Major medical societies, including the American Medical Assn., have expressed concerns about the increased disclosures about physicians, often complaining that the data are not always correct.
In advance of the release of the new payment data, medical groups renewed their complaints that physicians had not been given adequate opportunity to review the information before it was published.
Dr. Shantanu Agrawal, a deputy administrator at the Centers for Medicare & Medicaid Services, said the new database "does not identify which financial relationships are beneficial and which could cause conflicts of interest. It simply makes the data available to the public."
The government website details a wide range of payments and financial information, from consulting fees, meals and travel expenses to physician ownership stakes in medical companies.
But the Obama administration said about 40% of the records published Tuesday don't include physician names because officials are still working to confirm the accuracy of the payouts. An additional 199,000 records are being withheld for now because they are either exempt from the reporting requirement or under dispute, federal officials said.

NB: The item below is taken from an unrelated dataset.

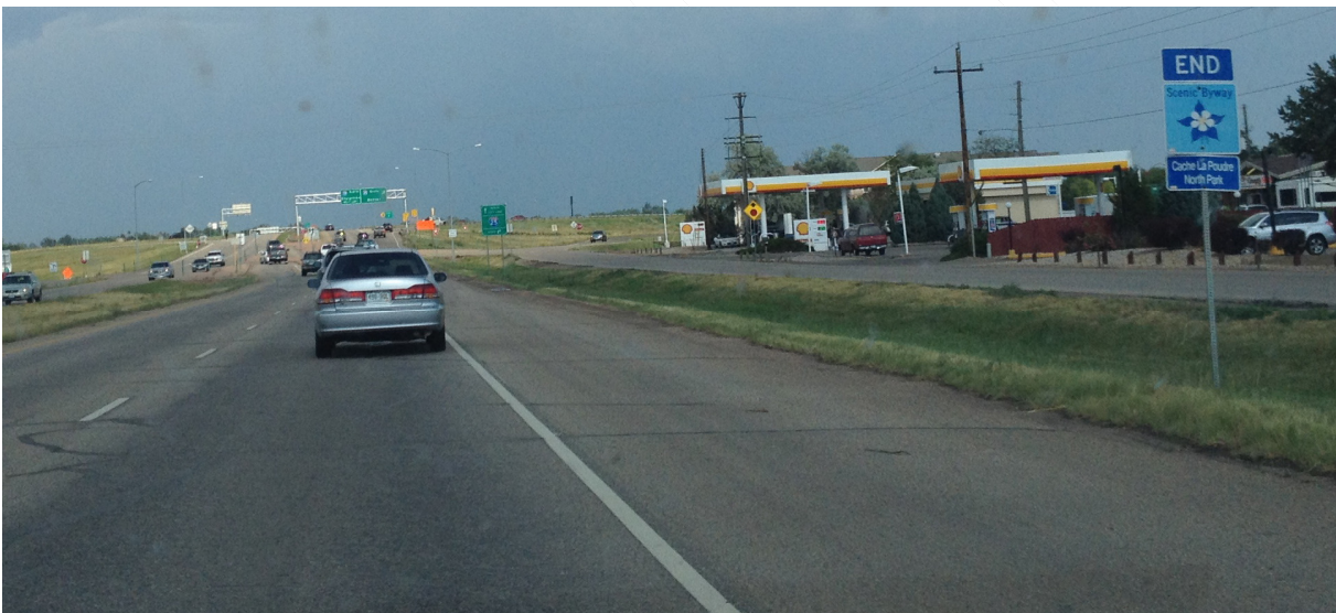
6 th and final Byway sign near I-25 in Fort Collins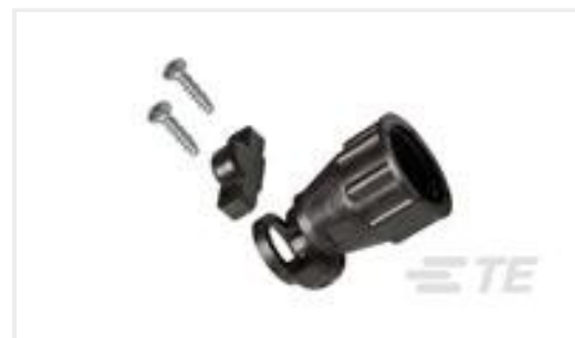
TE Part #1-206062-6 CABLE CLAMP KIT #11

The law requires medical companies to report payments and gifts to physicians that exceed $10.
U.S. Sen. Charles E. Grassley (R-Iowa) authored the Sunshine Act after numerous investigations into conflicts of interest among physicians. He said the rollout may be rocky but the data will eventually become a valuable resource for consumers, insurers and taxpayers.
"It should empower consumers to learn whether their doctors take payments and if so, why and whether that matters to them," Grassley said.